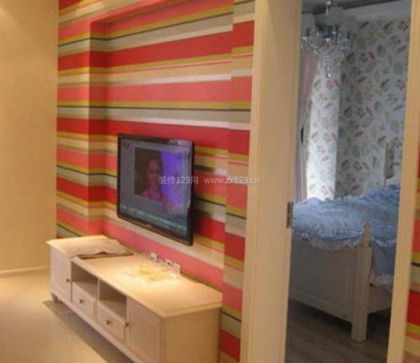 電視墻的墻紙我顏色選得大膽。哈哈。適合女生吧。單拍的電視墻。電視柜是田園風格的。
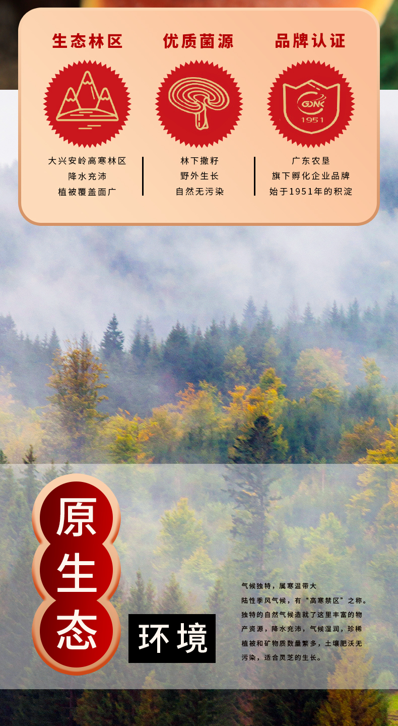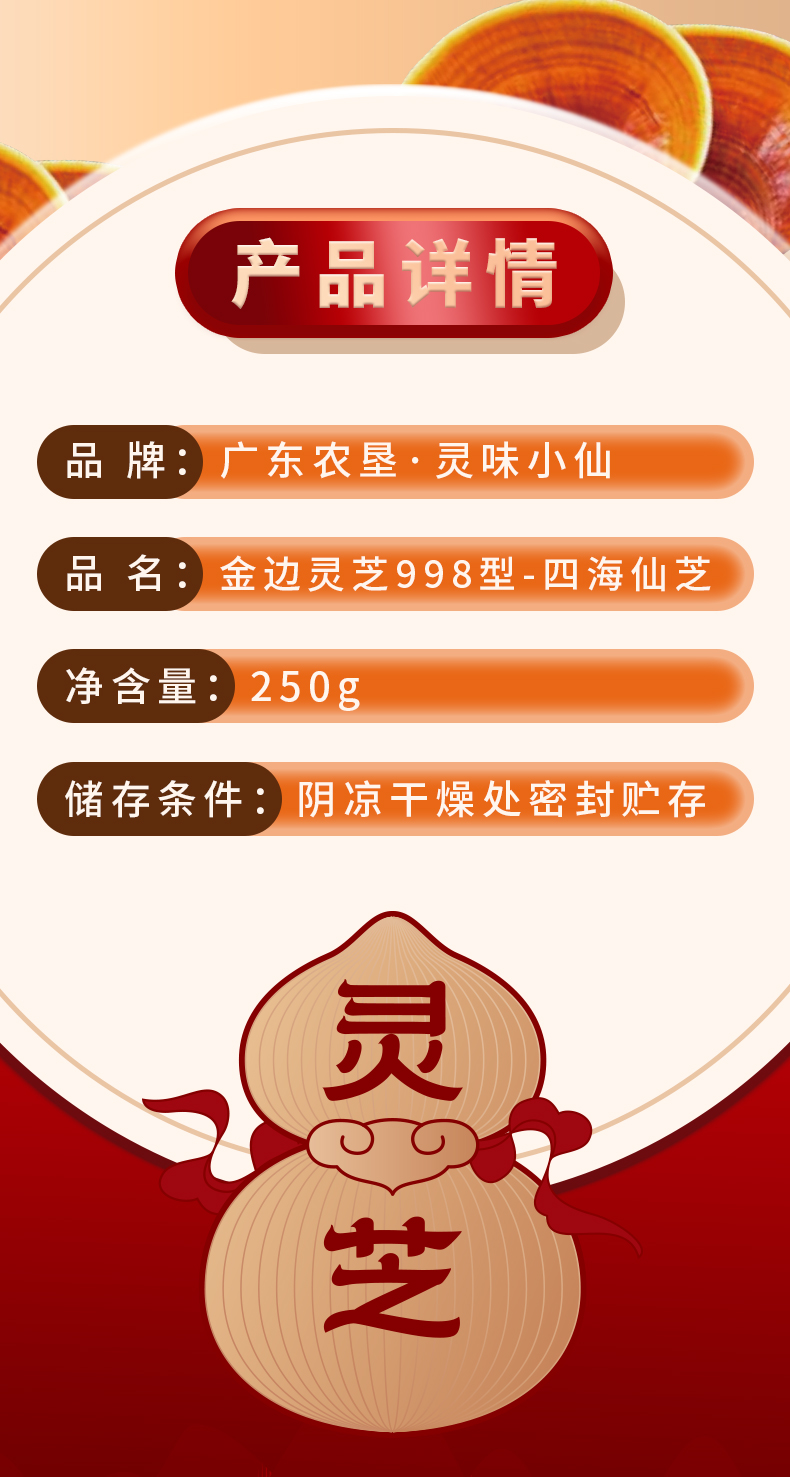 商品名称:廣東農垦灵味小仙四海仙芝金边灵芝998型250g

...

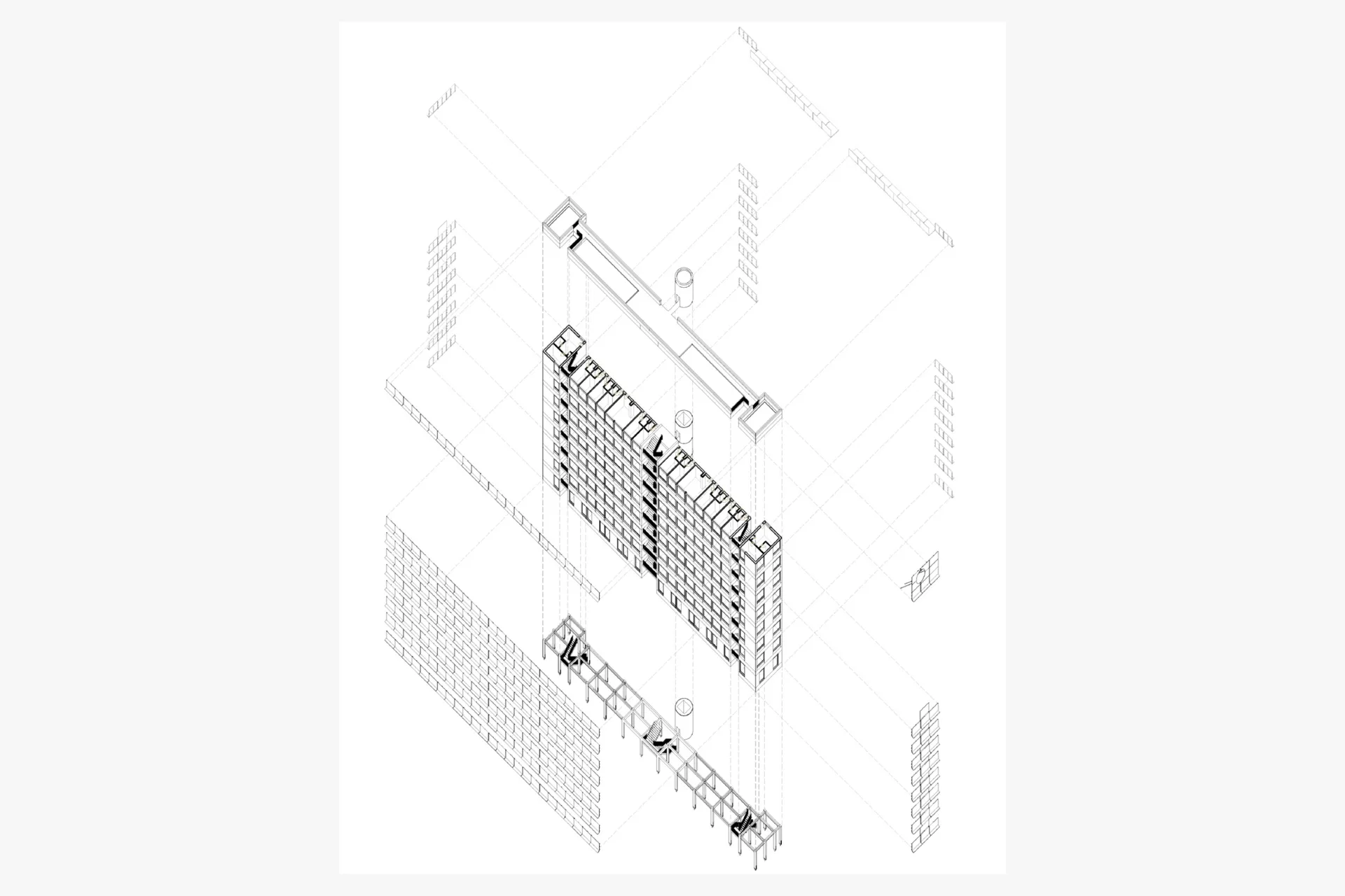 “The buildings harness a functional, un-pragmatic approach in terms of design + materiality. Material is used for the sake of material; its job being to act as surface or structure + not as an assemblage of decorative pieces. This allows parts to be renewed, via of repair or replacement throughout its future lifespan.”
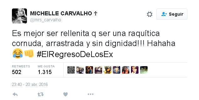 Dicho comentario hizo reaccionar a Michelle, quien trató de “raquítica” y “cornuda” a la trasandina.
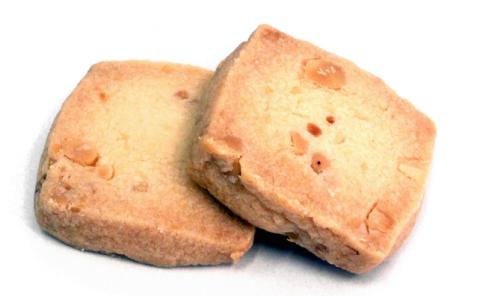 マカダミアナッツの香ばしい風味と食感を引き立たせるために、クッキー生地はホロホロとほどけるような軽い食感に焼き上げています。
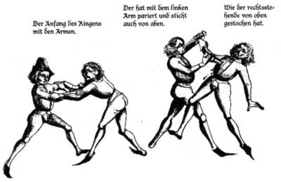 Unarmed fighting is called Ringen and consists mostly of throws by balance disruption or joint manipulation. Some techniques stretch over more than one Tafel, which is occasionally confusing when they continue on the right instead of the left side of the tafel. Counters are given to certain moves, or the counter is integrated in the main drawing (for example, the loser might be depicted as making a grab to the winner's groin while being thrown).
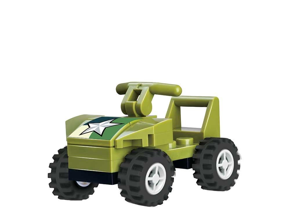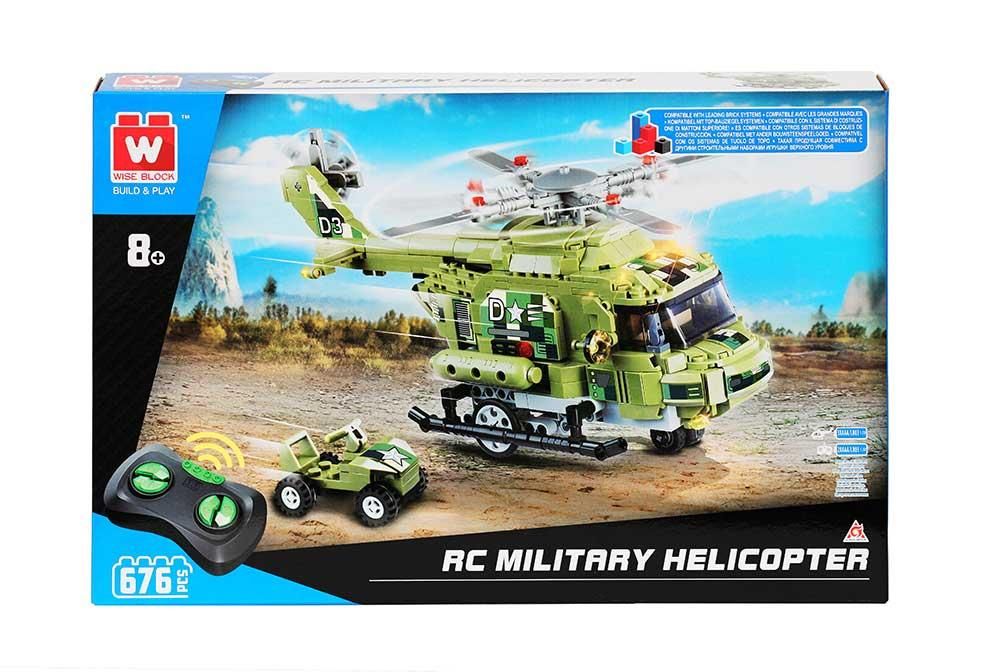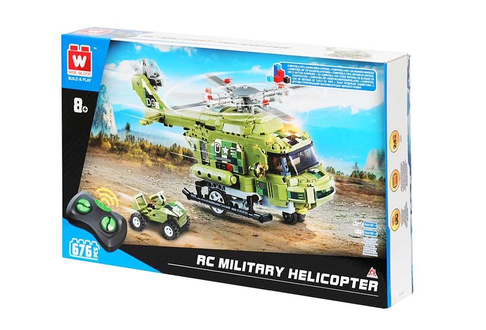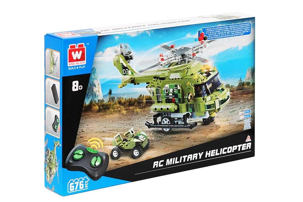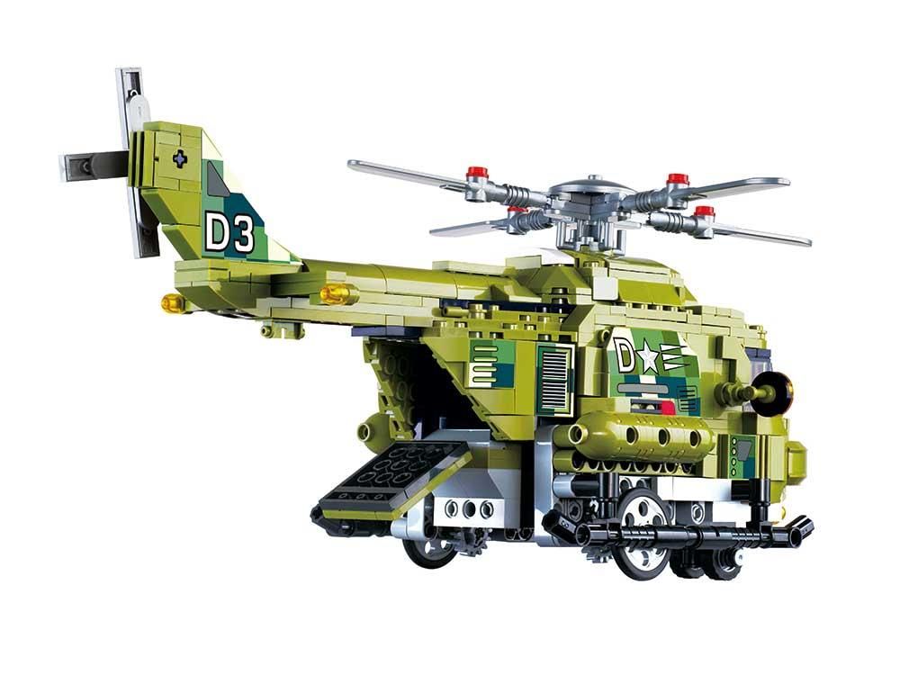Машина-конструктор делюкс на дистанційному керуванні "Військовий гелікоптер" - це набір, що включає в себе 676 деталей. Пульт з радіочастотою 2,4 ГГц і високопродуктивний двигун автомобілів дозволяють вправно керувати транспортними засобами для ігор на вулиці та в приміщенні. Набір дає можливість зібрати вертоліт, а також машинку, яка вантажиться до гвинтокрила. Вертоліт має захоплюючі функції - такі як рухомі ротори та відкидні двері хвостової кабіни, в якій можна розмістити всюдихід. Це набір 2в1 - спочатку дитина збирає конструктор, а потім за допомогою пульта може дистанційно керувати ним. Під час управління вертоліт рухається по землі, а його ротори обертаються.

Your task:
Using the records above, print exactly the run of lines that starts with the line with "電視墻的墻紙我顏色選得大膽。" and goes on through the line with "商品名称:廣東農垦灵味小仙四海仙芝金边灵芝998型250g", pictures excluded.

Written response:
 電視墻的墻紙我顏色選得大膽。哈哈。適合女生吧。單拍的電視墻。電視柜是田園風格的。
 商品名称:廣東農垦灵味小仙四海仙芝金边灵芝998型250g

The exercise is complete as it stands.